Dienstag, 23. April 2024

Evangelischer Kirchentag
Scholz verteidigt geplante Verschärfung des EU-Asylrechts

Beim Evangelischen Kirchentag stehen heute europa- und bundespolitische Themen im Mittelpunkt. In einem Podiumsgespräch verteidigte Bundeskanzler Scholz den Kompromiss der EU-Innenminister zur Reform des europäischen Asylsystems. Gegner der Reform unterzeichneten eine Resolution.

12.06.2023
    Bundeskanzler Olaf Scholz bei einem Podium auf dem evangelischen Kirchentag
    Bundeskanzler Olaf Scholz bei einem Podium auf dem evangelischen Kirchentag (epd / IMAGO / Thomas Lohnes)
    Der vereinbarte Solidaritätsmechanismus sei fairer als das jetzige System, sagte Scholz. Auch müsse es möglich sein, jemandem, der nach Prüfung der Sachlage keinen Schutzstatus habe, sagen zu können, dass er wieder zurückgehen müsse. Zuvor hatte der Berliner Bischof Stäblein kritisiert, dass der Asylkompromissder EU-Staaten keine Ausnahmen für Kinder und Familien vorsieht. Am Rande des Kirchentags gab es zahlreiche Proteste gegen die Pläne, über die noch mit dem Europäischen Parlament verhandelt werden muss. Zahlreiche Teilnehmer unterzeichneten eine Resolution und sprachen von einem "Frontalangriff auf den Rechtsstaat und das Flüchtlingsrecht".

    Kritik im Publikum an der Klimapolitik

    Scholz verteidigte auch das Tempo der Bundesregierung auf dem Weg in die Klimaneutralität. Protestrufen aus dem Publikum, die der Regierung Versagen beim Klimaschutz vorwarfen, entgegnete Scholz, es handele sich um das ehrgeizigste Modernisierungsprogramm seit vielen Jahrzehnten in Deutschland.
    Im Hinblick auf eine Beendigung des Kriegs in der Ukraine äußerte sich Scholz pessimistisch. Nach seiner Einschätzung gibt es derzeit keine Aussicht auf eine Verhandlungslösung. Dennoch wolle er in der nächsten Zeit erneut mit dem russischen Präsidenten Putin telefonieren, sagte der Kanzler auf dem Evangelischen Kirchentag.
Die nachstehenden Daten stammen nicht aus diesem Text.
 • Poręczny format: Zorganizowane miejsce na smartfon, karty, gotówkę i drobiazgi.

    Baerbock fordert klare Worte

    Außenministerin Baerbock verteidigte die deutschen Waffenlieferungen an die Ukraine und ihr weltweites Werben um die Verurteilung des russischen Angriffskriegs. Würde man als Weltgemeinschaft schweigend ignorieren, dass ein Mitglied des UNO-Sicherheitsrats den Weltfrieden gefährde, "wäre das eine Einladung an alle Autokraten auf der Welt", sagte Baerbock in Nürnberg. Um den Weltfrieden in anderen Regionen zu sichern, sei es deswegen essenziell, dass man Farbe bekenne.
    Solange die Ukraine deutsche Unterstützung benötige bei der Durchsetzung ihres Rechts, in Frieden und Freiheit zu leben, "so lange werden wir sie unterstützen", sagte Baerbock. Gleichzeitig räumte sie ein Hadern mit Entscheidungen für Waffenlieferungen ein. Ethische Verantwortung bedeute aber immer, nicht nur zu bedenken, was die Konsequenzen von Handeln sind, "sondern auch meines Nichthandelns".
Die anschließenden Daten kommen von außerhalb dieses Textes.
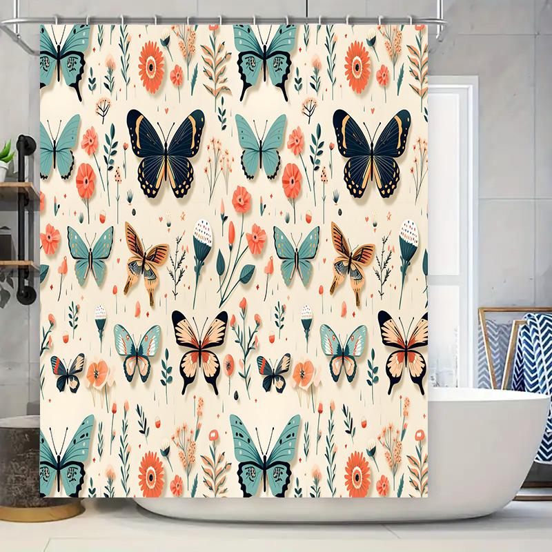 Butterfly Bliss: Vibrant Floral and Butterfly Shower Curtain for a Charming and Nature-Inspired Bathroom Décor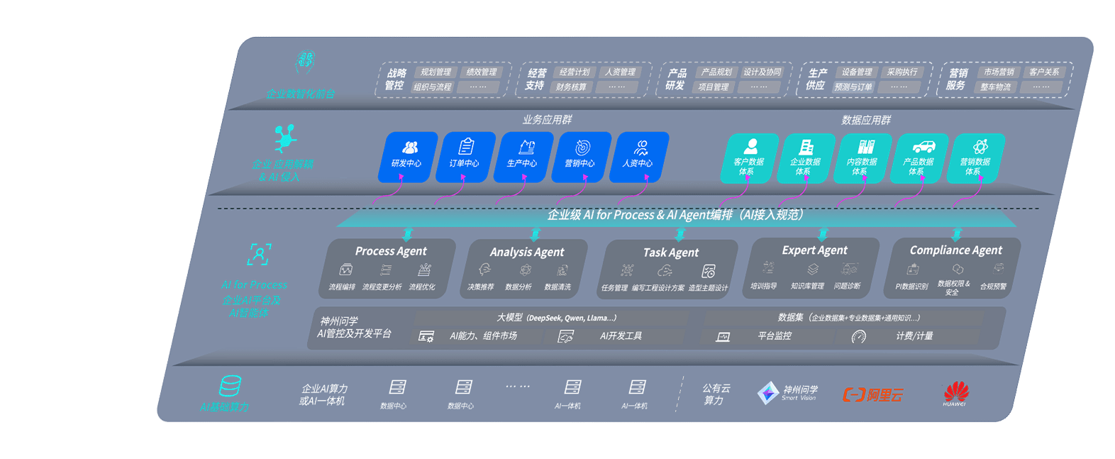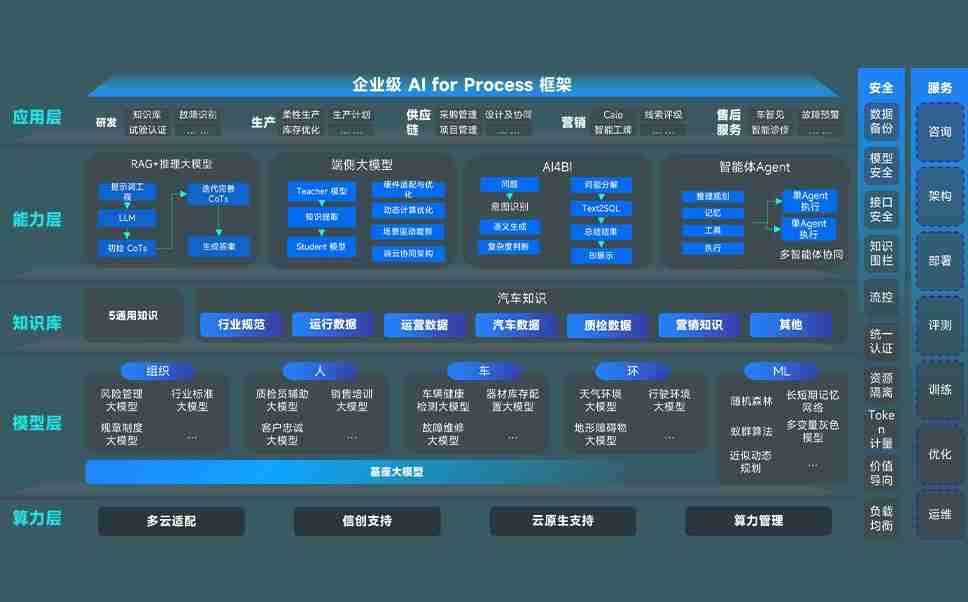 端到端的一站式AI工作空间深度融合了从企业战略规划到日常经营的全流程业务板块,,,,定向解决车企内部领域多、、、、部门多、、链条长、、场景碎片化等难题,,,支持车企快速构建以AI为核心的生产力写作体系,,实现任务执行与AI能力的无缝集成与交互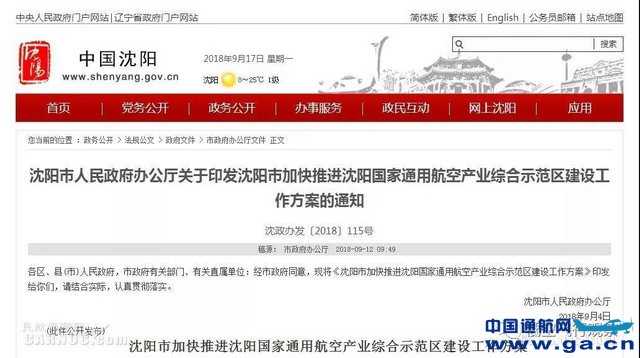 近日,沈阳市人民政府办公厅印发《沈阳市加快推进沈阳国家通用航空产业综合示范区建设工作方案》。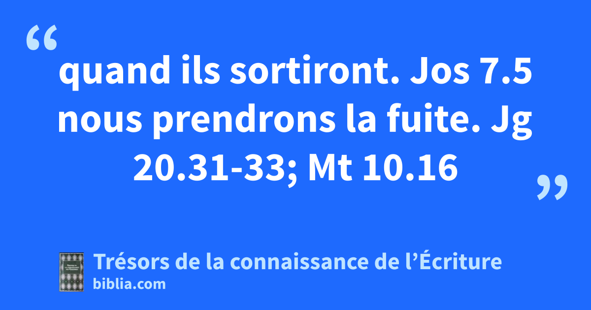 quand ils sortiront. Jos 7.5 nous prendrons la fuite. Jg 20.31-33; Mt 10.16

    Positive Zwischenbilanz der Veranstalter

    Der Präsident des Kirchentags, de Maizière, zog eine positive Zwischenbilanz. Auf dem Kirchentag treffe sich die Mitte der Gesellschaft, sagte der frühere Bundesminister im Deutschlandfunk. Die Themen seien ernst, aber die Menschen seien dabei heiter. Christen seien hoffnungsfrohe Menschen, aber in dieser verzagten und verstörten Welt müsse man die Zuversicht zuerst finden, sagte de Maizière mit Blick auf den Ukraine-Krieg und die Klimakrise. Man wolle auch Hoffnung stiften, das gehe als Signal von diesem Kirchentag aus.
    Der 38. Deutsche Evangelische Kirchentag endet morgen mit einem Gottesdienst auf dem Nürnberger Hauptmarkt.
    Diese Nachricht wurde am 10.06.2023 im Programm Deutschlandfunk gesendet.